The fact that graphene can act as a non-bleachable, broadband energy acceptor that does not require additional labeling of biomolecules, has made graphene-on-glass coverslips an emerging tool for single-molecule biophysics, biosensing and super-resolution microscopy.6–11 We demonstrated, for example, that the integration of the 2D localization of pMINFLUX with the axial information of graphene energy transfer and the single-molecule switching by DNA-PAINT results in 3D super-resolution with <2 nm localization precision in all three dimensions with axial precision reaching below 0.3 nm.12 In this context, it was an important step to be able to place single quantum emitters such as single fluorescent dye molecules at a defined distance from graphene. This was enabled by DNA origami nanopositioners, that is, DNA nanostructures that were placed with a defined orientation on graphene controlled by specifically integrated pyrene moieties and base stacking.13 More recently, the discovery of the vertical orientation of dsDNA on graphene has added a further level of outstanding control for placing objects on graphene to study DNA–protein complexes with high spatial and temporal resolution.9 Mastering the surface chemistry at the graphene–water interface also enabled precise studies of the distance dependence of the energy transfer from a dye molecule to graphene.7,13

From a fundamental point of view, the near-field interactions between an emitter and a purely two-dimensional material rely on the nonradiative energy transfer from an excited dye molecule to graphene.14–17 The model based on dipole–dipole interaction, initially introduced by Swathi et al.,16,17 has been experimentally confirmed, including precise determination of the d0 value corresponding to 50% energy transfer to graphene.13,18,19 GET exhibits a distance-dependence according to a d−4 scaling law with a characteristic distance of 50% energy transfer around 18 nm yielding a working range up to 35 nm.

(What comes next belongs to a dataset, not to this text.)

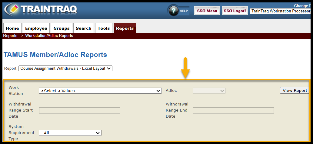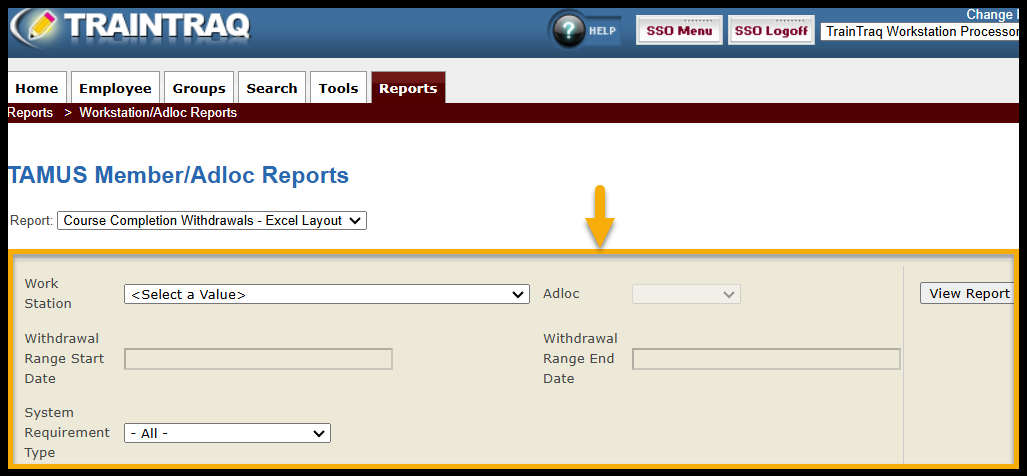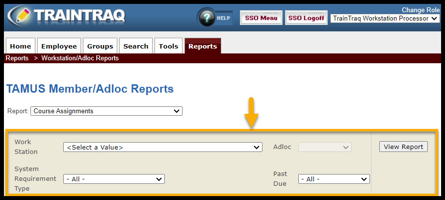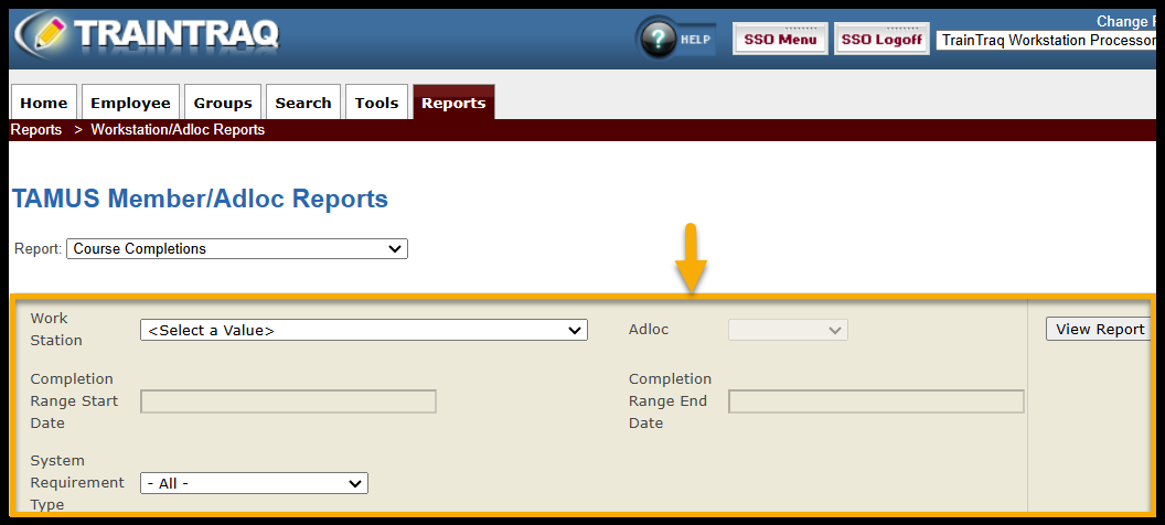 - Once all selections have been made, click the View Report button on the right side of the report parameters section. TrainTraq assembles the report based on the chosen parameters and displays the results at the bottom of the page.

Nevertheless, to the best of our knowledge, there is no theoretical expression of the energy transfer rate which takes into account how GET might be affected by the number of graphene layers. Brus and coworkers presented a model of a quenching factor for few-layer graphene; however, it did not quantitatively agree with the experimental data, and was inconsistent for multilayer graphene with more than three layers.14

Graphene has a metal-like nature, whereas bilayer graphene possesses semiconductor behavior with a modifiable bandgap,20 and in the case of three layers the complexity further escalates.21,22 Raja et al. reported that the most impactful in terms of changes in the rate of the energy transfer is a dielectric function at the wavelength of the emitting dipole.15 They investigated graphene as the energy acceptor with quantum dots (QD) as the energy donor. Comparing graphene layers of different thicknesses (monolayer, bilayer, and bulk with 12 layers), they concluded that as the thickness increases from monolayer to bulk, the decay rate also increases. This indicates that the non-radiative energy transfer has the most significant impact, while the effect of the screening of the electric field which would reduce the energy transfer rate constant is of minor influence.

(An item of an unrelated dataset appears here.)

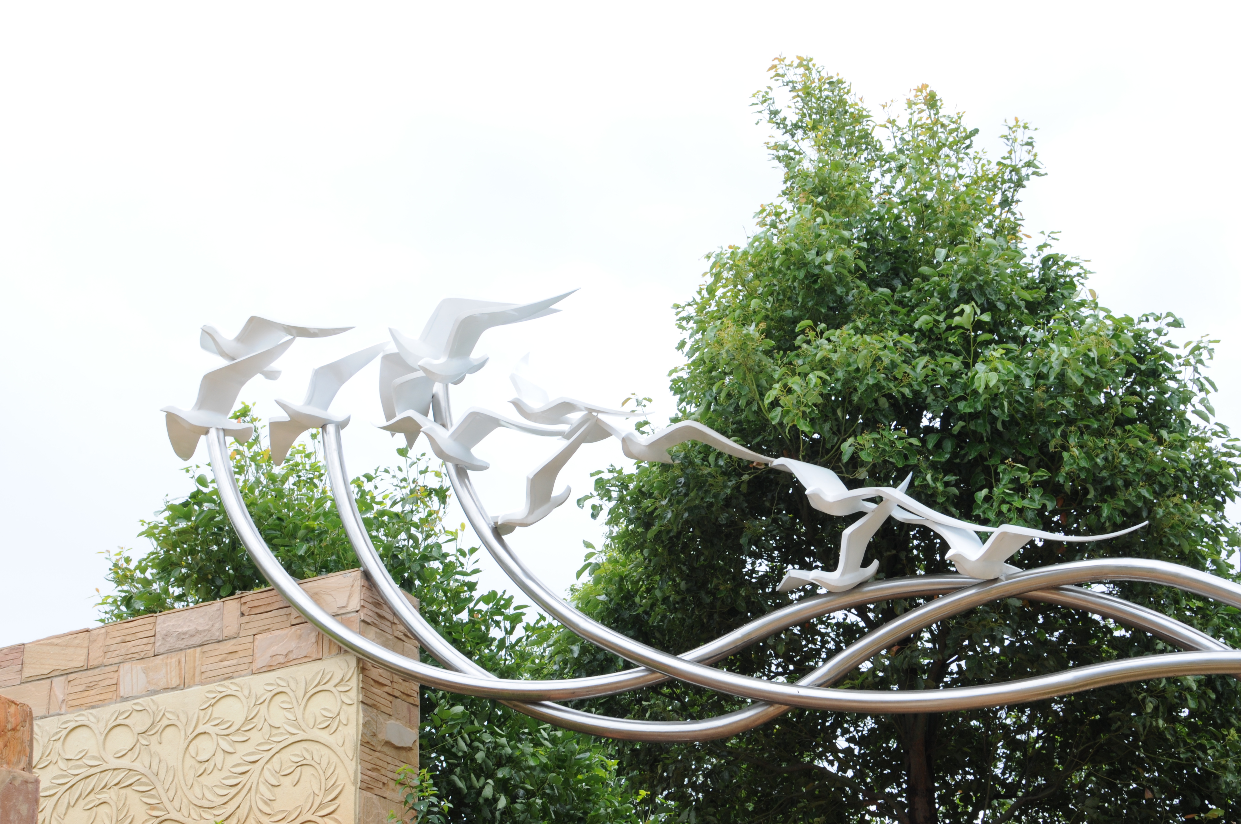 在兩面?zhèn)葔ι,鐫刻著八位醫(yī)學(xué)名人的名言摘錄或社會(huì)評(píng)價(jià),多視角地表現(xiàn)出對(duì)職業(yè)的理解和詮釋。側(cè)墻上用潔白的五瓣杏花造型裝飾,寓意著“譽(yù)滿杏林”,整個(gè)園區(qū)運(yùn)用了溫暖的色調(diào),寓意“杏林春暖”。在主景墻連接處,用不鋼的曲線雕塑巧妙連接,上面是姿態(tài)各異的海鷗飛翔,具有濃郁的春城色彩并寓意無限遠(yuǎn)景。在入口小廣場壁面上,鐫刻著“仁愛園記”,是金寶山建園思想的綜述性表達(dá)。

In this contribution, we aim at quantifying the influence of the number of graphene layers on GET more precisely by placing single dye molecules at defined distances from monolayer, bilayer, and trilayer graphene. While each graphene layer leads to a loss of only 2.3% of light for epi-fluorescence microscopy, the addition of layers promises to extend the working range of GET. We empirically explore the distance dependence of GET for bilayer and trilayer graphene by studying the fluorescence lifetime of single molecules. We employ DNA origami nanostructures as chemical adapters, strategically positioning demonstration assays at specified distances on top of graphene-on-glass coverslips. We use ssDNA protruding from DNA origami nanostructures to effectively immobilize them on the graphene surface without altering its properties. Raman spectroscopy and SEM imaging enable the visualization of the quality and quantity of graphene layers and support the results obtained with single-molecule fluorescence measurements. Our study indicates an additive effect of the graphene layers on the overall energy transfer rate to the graphene acceptor. We demonstrate the extension of the dynamic working range with dynamic DNA origami nanostructures that switch between two conformations illustrating that the active operation range for applications such as biosensing and super-resolution microscopy on graphene extends to distances of approximately 50–60 nm on bilayer and trilayer graphene.

Results

Distance dependence of GET for mono- and multilayer graphene

We used high-quality graphene-on-glass coverslips prepared by a wet-transfer protocol for both mono- and multilayer graphene samples (see more details in the Materials and methods section in the ESI).23 In the case of bilayer and trilayer graphene substrates, we followed a layer-by-layer strategy in which the transfer of monolayer graphene and the cleaning protocols were repeated twice or thrice, respectively. As every additional transfer process could lead to the introduction of defects and impurities or even damage of the graphene surface, we performed Raman and SEM imaging to confirm sample quality and the number of layers (examples of Raman maps, Raman spectra, and SEM images are presented in the ESI in Fig. S1–S5). We decided to use the aforementioned layer-by-layer strategy due to the technical limitations of the chemical vapor deposition (CVD) technology to grow homogeneous multilayer graphene. CVD-grown multilayer graphene consists of micrometer-sized domains with various numbers of graphene layers (as confirmed by Raman imaging, Fig. S3). Due to this heterogeneity, it would be necessary to continuously perform correlative Raman and fluorescence mapping. In the methodology proposed in this work, layer-by-layer multilayer graphene substrates are produced more reproducibly and with high homogeneity.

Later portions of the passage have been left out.